2. Preparation of the mouse embryonic fibroblast (MEF) as feeder cells for ESC

  1. Sacrifice 8-10-week-old pregnant ICR female mice (14.5 days postcoitum) by cervical dislocation. Wipe the abdomen well by using 70% (v/v) ethanol for sterilization, cut the abdomen using orbital scissors and forceps, and recover the fetus-containing uterus.
  2. Place the uterus into a 100 mm dish containing 10 mL of phosphate bovine serum (PBS) containing 100 U/mL penicillin and 100 µg/mL streptomycin. Remove the placentas and extraembryonic tissues from the fetuses using orbital scissors and forceps. Mince the fetuses using orbital scissors and transfer the PBS solution containing the minced fetal cells to a 50 mL conical tube.
  3. Centrifuge at 280 x g for 5 min at 4 °C and discard the supernatant by aspiration.
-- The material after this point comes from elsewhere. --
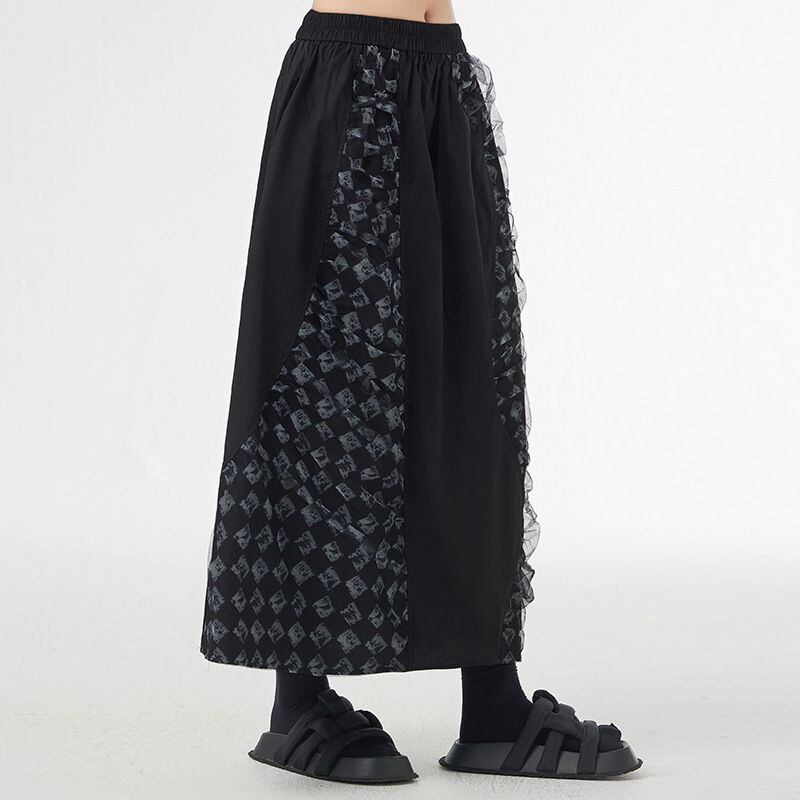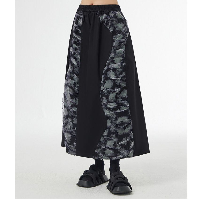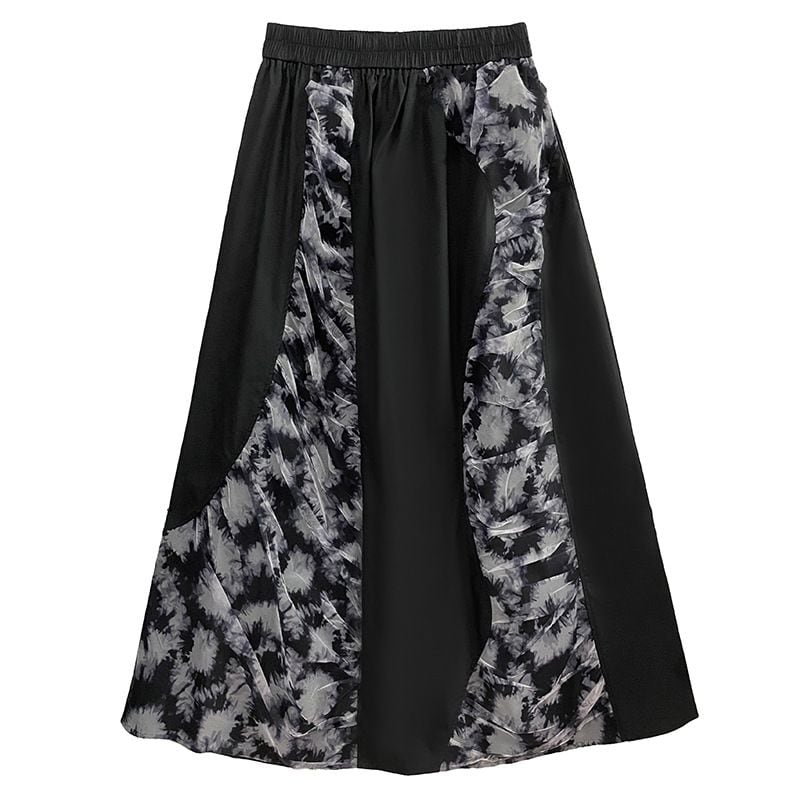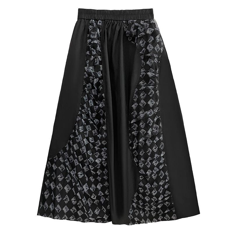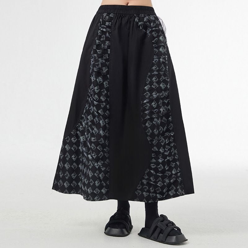 立体的な柄生地のコーラージュスティッチがお洒落な、Aライン・ロング丈のデザインスカートです。ウエストはゴムなので、着脱が簡単で履き心地が良いです。ブラックベースでクールな印象の、合わせやすいアイテムです。柄は2種類から選べます。

Add 10 mL of 0.25% (w/v) trypsin-EDTA solution, mix well by pipetting, and then incubate for 10 min at 37 °C using a water bath for trypsin digestion.
  4. Add 20 mL of MEF medium (DMEM containing 10% (v/v) fetal bovine serum, 100 U/mL penicillin, and 100 µg/mL streptomycin) to stop the enzymatic reaction, mix well by gentle inversion, and centrifuge at 280 x g for 5 min at 4 °C. Discard the supernatant by aspiration, add 10 mL of MEF medium, and mix well by pipetting.
  5. Seed the cell suspension in several new 100 mm dishes (prepare the same number of dishes as the number of fetuses with 10 mL of MEF medium for one 100 mm dish). Change the medium 4 to 5 h post-seeding to remove unattached cells and let the attached MEF grow. Passage the cells when they reach ~80% confluency using trypsin.
  6. Place the culture dishes containing the proliferating MEF in MEF medium, approximately 12-15 days post-seeding, in an X-ray irradiating device. Expose the MEF with a 50 Gy X-ray (total) to halt the cell cycle according to the manufacturer's instruction.
  7. Trypsinize the irradiated MEF by adding 2 mL of 0.25% trypsin-EDTA for one 100 mm dish for 5 min at 37 °C, then add 4 mL of MEF medium to stop trypsin digestion and collect the cell suspension in a new 50 mL tube.
  8. Wash the MEF with a fresh MEF medium by centrifugation at 280 x g for 5 min at 4 °C, count the number of cells using a cell counter with trypan blue staining, and freeze them at 1.6 x 106 cells/tube in a cell-freezing medium. Store until use; cells can be stably stored in liquid nitrogen for several years.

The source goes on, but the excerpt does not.